Rivian just pulled the rug out from under budget-conscious EV shoppers. After two years of heavily marketing the R2 as a $45,000 electric SUV - the company's long-awaited mass-market play - Rivian now says that base model won't arrive until late 2027 at the earliest. The delay raises serious questions about whether the embattled automaker can actually hit that price point at all, and it's already sending shockwaves through a startup that's burned through billions trying to challenge Tesla's dominance.
Rivian just made the R2's $45,000 price tag look more like a marketing mirage than a real product. The company spent the better part of two years dangling that figure in front of reservation holders and investors, positioning the compact electric SUV as its ticket to mass-market relevance. Now, according to TechCrunch, buyers won't see that base model until late 2027 - and even that timeline comes with a big asterisk.
The implications hit immediately. Rivian's stock has been on a roller coaster since the company went public in 2021, and this news threatens to undermine one of its most compelling narratives: that it could actually compete beyond the luxury segment. The R2 was supposed to be Rivian's Model 3 moment, the vehicle that transforms it from a niche player into a genuine volume manufacturer. Instead, the company's prioritizing higher-margin variants first, a move that smells a lot like financial desperation dressed up as strategy.

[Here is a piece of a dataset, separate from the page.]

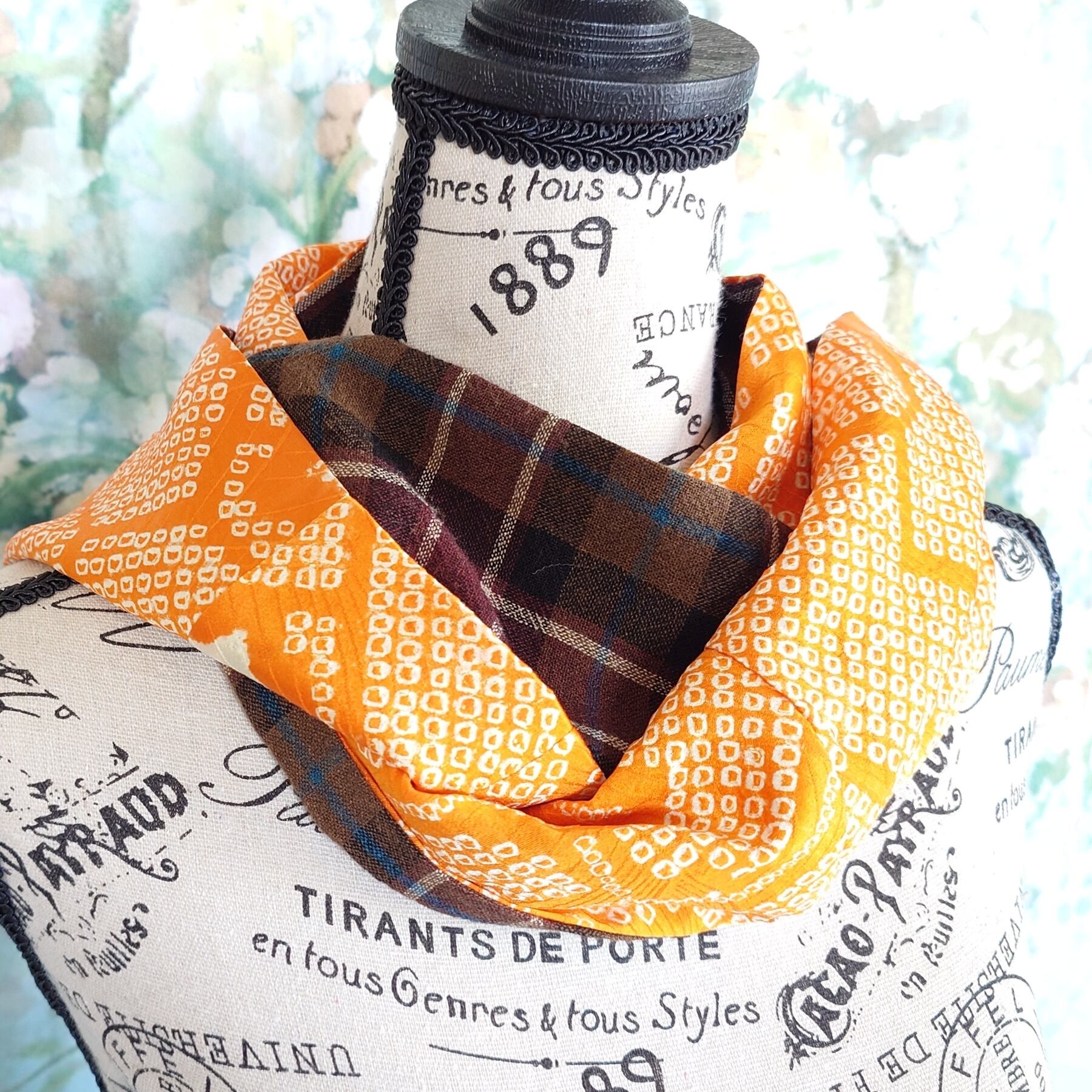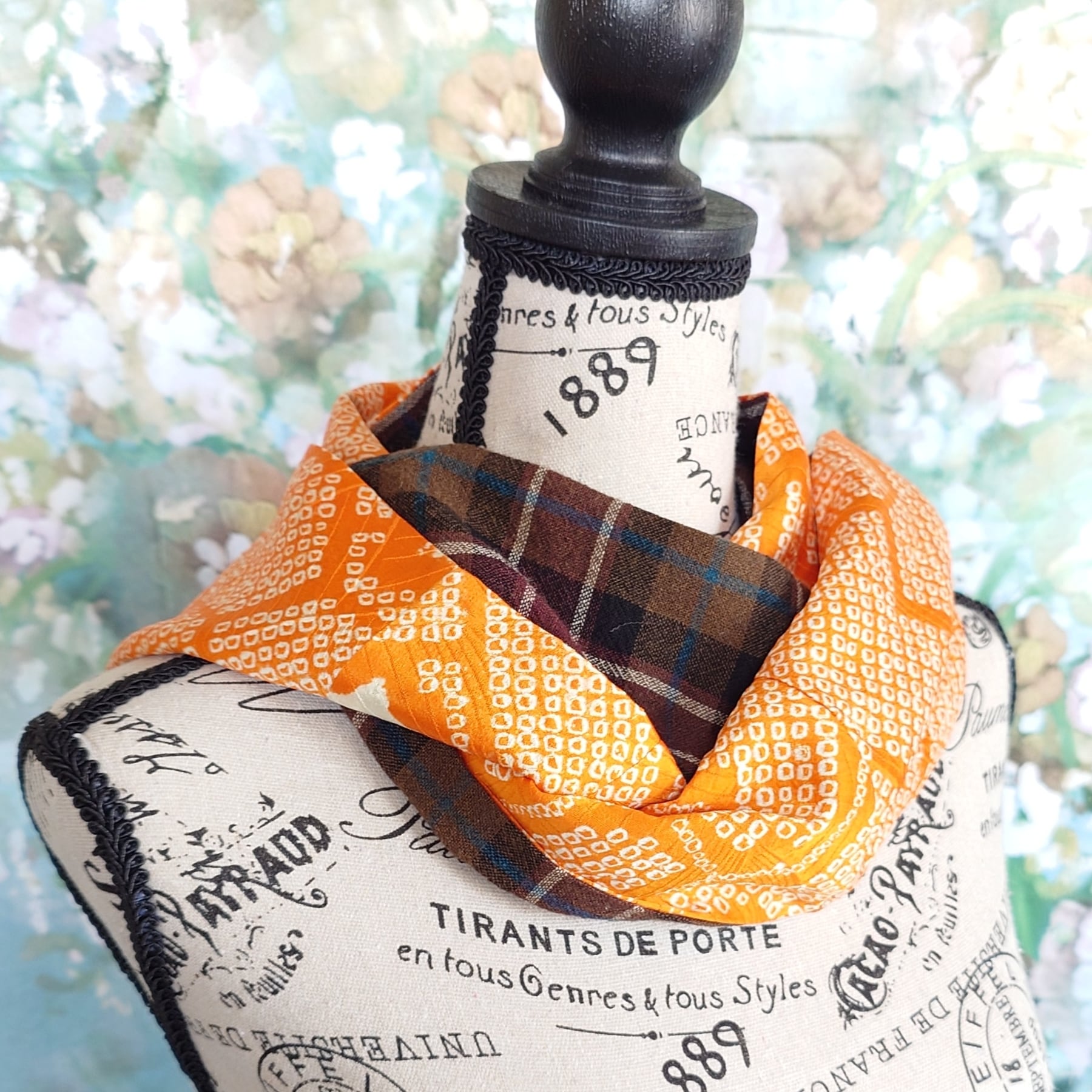 振袖の艶やかな柄をメインに、柔らかく暖かなウール混を裏面に贅沢に使用した、冬から春先まで長く愛用できるスヌードが完成しました。

Rivian's path to this point has been brutal. The Illinois-based startup blazed onto the scene with the R1T pickup and R1S SUV, earning rave reviews for their capability and design. But those vehicles start well above $70,000, limiting them to wealthy early adopters. The company's also been hemorrhaging cash - it reported a net loss of $5.4 billion in 2025 alone as it struggled to ramp production at its Normal, Illinois factory while simultaneously trying to build a second facility in Georgia.
The R2 was supposed to change all that. When Rivian unveiled the vehicle in March 2024, founder and CEO RJ Scaringe made the $45,000 starting price a centerpiece of the presentation. The figure mattered because it positioned the R2 squarely against 's Model Y, the best-selling EV in America, while undercutting traditional automakers' electric crossovers. Reservations poured in - Rivian claimed more than 68,000 within 24 hours of the reveal.